DERs are starting to participate in a variety of markets - from capacity markets to make sure there's enough generation, to balancing markets to make sure the peaks and troughs of renewables are managed. DERs can also be used to make sure grid capacity is managed, as well as helping with frequency regulation, voltage control, and black starts. DERMS play a role in delivering this multi-function DER to grid vision.
Collaboration for a more sustainable future
The world is approaching a further clean energy tipping point. Renewable energy currently accounts for around a third of global electricity generation; in the years to come, it will be the dominant force.
All of which means we must work to accelerate the deployment of the technology needed to make the most of this transformation - technology that enables smarter balancing of supply and demand. By sharing best practices between the US and Europe, we can move at pace toward a genuinely sustainable power future.
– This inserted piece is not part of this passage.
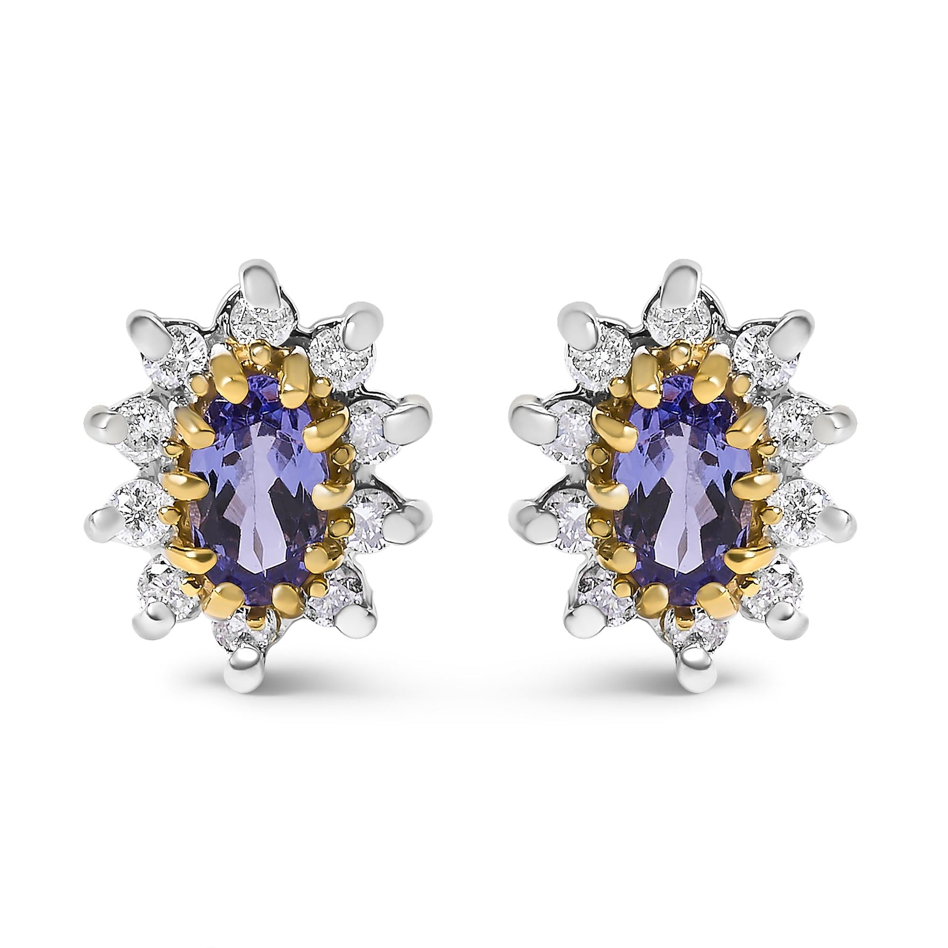 Discover the celestial charm cast by these exquisite stud earrings, each hosting an enchanting, oval-cut blue-purple Tanzanite, naturally sourced and heat-treated to enhance its mystical hues. Measuring 5x3 mm, these gemstones sit at the heart of a brilliant sunburst halo composed of scintillating natural diamonds, totaling a quarter carat. Crafted in lustrous 14K yellow gold and accented with rhodium-plated elements, the design achieves a stunning blend of warmth and radiance. These treasures secure effortlessly with push-back closures, promising both comfort and style. Perfect for everyday elegance or special soirees, these earrings illuminate any ensemble with a touch of the cosmos.

Graham Ault (left) is co-founder and executive vice president, and Drew Smith (right) is a sales engineer at Smarter Grid Solutions, which delivers distributed energy resource management system (DERMS) software to integrate renewable resources to markets and electricity grids, and is contracted to manage 1.2GW of renewable generation, energy storage and flexible loads across the USA, Europe and Asia. In 2021, SGS was acquired by Japanese industrial giant Mitsubishi Electric Corporation, and its subsidiary Mitsubishi Electric Power Products, Inc. (MEPPI), in a move that will expand the reach of SGS' technology to connect more renewables to electricity networks around the globe.